Causas comunes de fiebre en perros
La fiebre es un síntoma, no una enfermedad en sí misma, y sus causas pueden ser muy variadas. Las más frecuentes incluyen infecciones bacterianas, víricas o fúngicas —como el moquillo, la parvovirosis o la leptospirosis—, así como procesos inflamatorios internos, reacciones a vacunas recientes, intoxicaciones y enfermedades autoinmunes. En algunos casos, la fiebre aparece tras una herida o mordedura que ha derivado en un proceso infeccioso local. También puede ser el primer síntoma visible de enfermedades sistémicas más complejas que el veterinario deberá investigar mediante análisis. Una de las claves para identificar la causa es fijarse en qué otros síntomas acompañan a la fiebre: vómitos, diarrea, tos, cojera o cambios en el comportamiento son pistas valiosas que debes comunicar al veterinario.
- Infecciones bacterianas, víricas o fúngicas (moquillo, parvovirosis, leptospirosis)
- Procesos inflamatorios internos de diversa origen
- Reacción a vacunas recientes
- Intoxicaciones por sustancias o alimentos tóxicos
- Enfermedades autoinmunes
- Heridas o mordeduras con infección localizada
- Enfermedades sistémicas que requieren diagnóstico veterinario
Síntomas de fiebre en perros
El problema con la fiebre canina es que sus síntomas son fáciles de pasar por alto, especialmente en las primeras horas. Los signos más habituales son apatía y falta de energía: un perro que normalmente está activo y de repente no quiere levantarse del sitio puede estar empezando a desarrollar fiebre. También son frecuentes la pérdida de apetito, el temblor, la nariz seca y caliente —aunque este último dato es mucho menos fiable de lo que la creencia popular sugiere— y los ojos enrojecidos o llorosos. En algunos perros, la fiebre se manifiesta también con jadeo excesivo sin haber hecho ejercicio, o con búsqueda de superficies frías. Si tu perro presenta varios de estos síntomas a la vez, tómale la temperatura: es la única forma de confirmarlo.

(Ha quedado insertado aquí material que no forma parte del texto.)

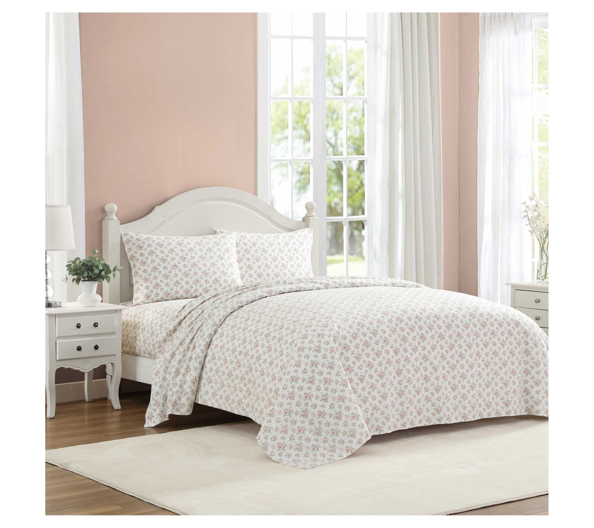 Add a touch of romance to your bedroom with the Laura Ashley Leanna Rose printed percale sheet set. The timeless floral design in a lovely mauve pink shade is sure to brighten up your solid white bedding ensemble and provide a charming appeal. From Laura Ashley.

- Apatía y falta de energía sin motivo aparente
- Pérdida de apetito o rechazo a la comida
- Temblores sin frío ni estrés evidente
- Ojos enrojecidos o llorosos
- Jadeo excesivo sin haber hecho ejercicio
- Búsqueda de superficies frías para tumbarse
- Nariz seca y caliente (dato poco fiable por sí solo)
Cómo medir la temperatura de tu perro: pasos
Medir la temperatura de un perro en casa es perfectamente posible, aunque requiere un mínimo de preparación y paciencia. El método más fiable es el termómetro rectal digital: los termómetros de oído o de frente diseñados para humanos no son precisos en perros. Antes de empezar, ten a mano el termómetro, vaselina o lubricante y, si es posible, una segunda persona que ayude a mantener al perro tranquilo.
- Lubrica la punta del termómetro con vaselina o gel lubricante
- Coloca al perro de pie o tumbado de lado, con la cola levantada
- Introduce el termómetro con suavidad en el recto, unos 2-3 cm
- Mantén la posición hasta que el termómetro emita el pitido de confirmación
- Retira con cuidado, lee la temperatura y anótala junto con la hora
- Desinfecta el termómetro antes de guardarlo
Si la temperatura supera los 39,5 ºC, llama a tu veterinario. Si supera los 41 ºC, ve directamente a urgencias sin esperar.
La fiebre en perros no siempre es fácil de detectar, pero conocer los síntomas, saber cómo medir la temperatura y tener claro cuándo llamar al veterinario es diferencial. La mayoría de los casos se resuelven bien cuando se actúa a tiempo y con criterio, sin entrar en pánico pero sin esperar demasiado.